# Lesson 6: `one_batch()` returns 3 tensors on custom data set

I’m trying to apply Rossman to my own problem where I’m trying to predict the total profit of a business on any given day.

I started with a very simple dataframe but whenever I check the first batch using `dls.one_batch()` I get 3 tensors instead of 2. The x tensor is my dataframe, the y tensor is empty and the z tensor is the total profit on the given day.

My initial dataframe has just 2 columns: “date” and “total” (total profit for the day).

I call `add_datepart` and then include all the newly added columns inside the list of categorical variables. I end up with no continuous variables since the only continuous variable is `total` which is the independent variable. When I call `one_batch()` I get the following:

``````# This looks right
x tensor([[ 4,  4,  2,  1, 25, 18,  1,  1,  1,  1,  1,  1],
[ 4,  7,  1,  2,  7, 27,  1,  1,  1,  1,  1,  1],
[ 4,  8,  1,  2, 14, 32,  1,  1,  1,  1,  1,  1],
[ 5,  9,  1,  2, 22, 38,  1,  1,  1,  1,  1,  1],
[ 3,  7,  1,  2,  6, 26,  1,  1,  1,  1,  1,  1],
....
``````
``````# I can't figure out why this is happening
y tensor([], size=(20, 0))
``````
``````# This should be the y tensor
z tensor([[22437.4707],
[22872.96],
[51414.55],
[ 6833.65],
[898375],
[343409.35],
``````

As far as I know I should only get 2 tensors, x corresponds to the input and y to the output. I can’t figure out why I’m getting this and I think it causes me to have weird training results (my predictions are negative and loss doesn’t decrease, in fact it almost overflows).

My code looks like this…

``````...
add_datepart(df, "date")
df.drop([ "Elapsed"], axis=1, inplace=True) # drop elapsed to simplify things, we already have a date column
cat_names = [
"Dayofweek",
"Week",
"Year",
"Month",
"Day",
"Dayofyear",
"Is_month_end",
"Is_month_start",
"Is_quarter_end",
"Is_quarter_start",
"Is_year_end",
"Is_year_start",
]
cont_names = [
col for col in df.columns if col not in [ "date", "total"] + cat_names
]  # cont_names is effectively empty

#At this point cat_names is 12 columns, DF has 13 columns including "total"

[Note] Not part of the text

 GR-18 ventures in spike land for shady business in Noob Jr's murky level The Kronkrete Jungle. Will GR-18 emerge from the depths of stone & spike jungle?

valid = [x for x in range(len(train), len(df))] # train is a subset of the original df

dls = TabularDataLoaders.from_df(
df,
path=".",
procs=[Categorify, FillMissing],
cat_names=cat_names,
cont_names=cont_names,
y_names="total",
bs=20,
valid_idx=valid,
)

dls = TabularDataLoaders.from_df(
df,
path=".",
procs=[Categorify, FillMissing],
cat_names=cat_names,
cont_names=cont_names,
y_names="total",
bs=20,
valid_idx=valid,
)

x, y, z = dls.one_batch()
print("x", x)
print("y", y)
print("z", z)
``````

I’d appreciate any help, thanks!

Can you show the code you used to create your `DataLoaders`?

Following the approach in chapter 9 (I was just reviewing this chapter so that’s why I’m referencing it) I would assume it’s something like the following:

``````procs = [Categorify, FillMissing]

cond = # some condition which splits early dates from later dates
train_idx = np.where( cond)[0]
valid_idx = np.where(~cond)[0]
splits = (list(train_idx),list(valid_idx))
cont,cat = cont_cat_split(df, 1, dep_var=dep_var)

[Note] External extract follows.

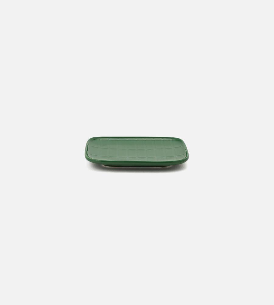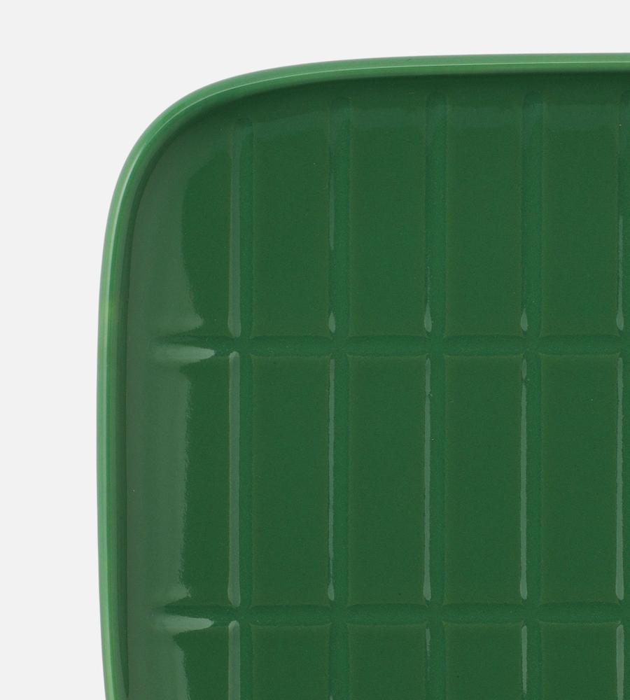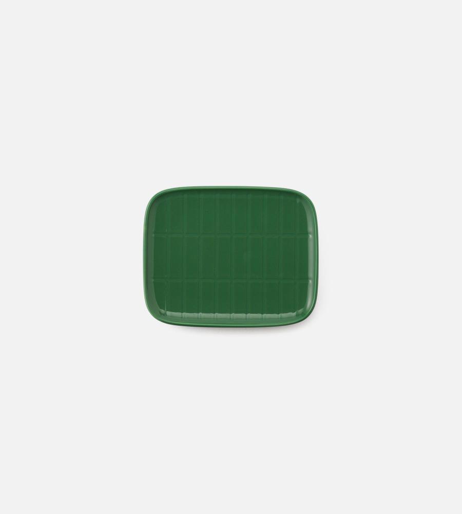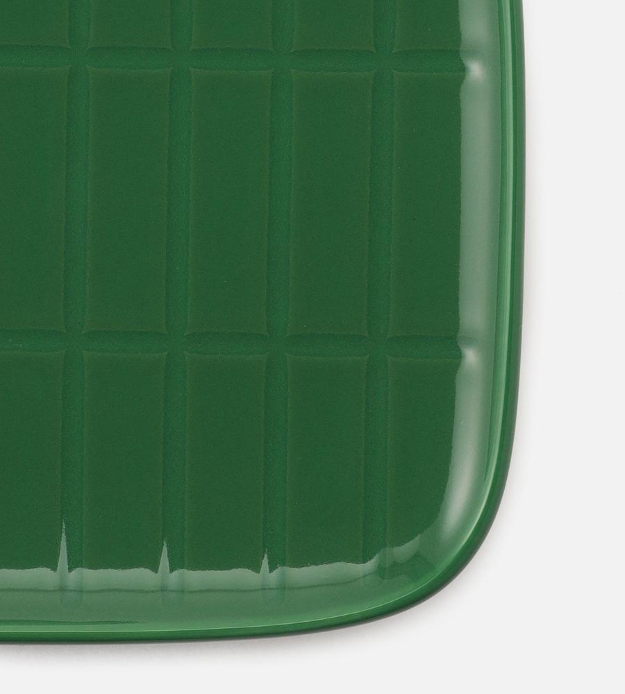 シンプルな佇まいと綺麗な発色で、テーブルコーデに華を添えるスクエアプレート。凹凸で表現された「Tiiliskivi」パターンが、レトロで温もりのあるアクセントになっています。縁が立ち上がったデザインはスイーツの盛り付けやソーサーとしても最適。お揃いのカップとの合わせ使いもおすすめです。

to = TabularPandas(df, procs, cat, cont, y_names=dep_var, splits=splits)
dls = to.dataloaders(1024)
``````

(or using TabularDataLoaders.from_df)

Also, have you tried creating a `DataLoaders` object without applying `add_datepart`? And if so were you able to get a sensible result with x and y instead of x, y, and z when calling `dls.show_batch()`?

Lastly, I’m assuming you can’t share the notebook you’re working with, but can you give a few rows of example fake data that populates your `DataFrame`?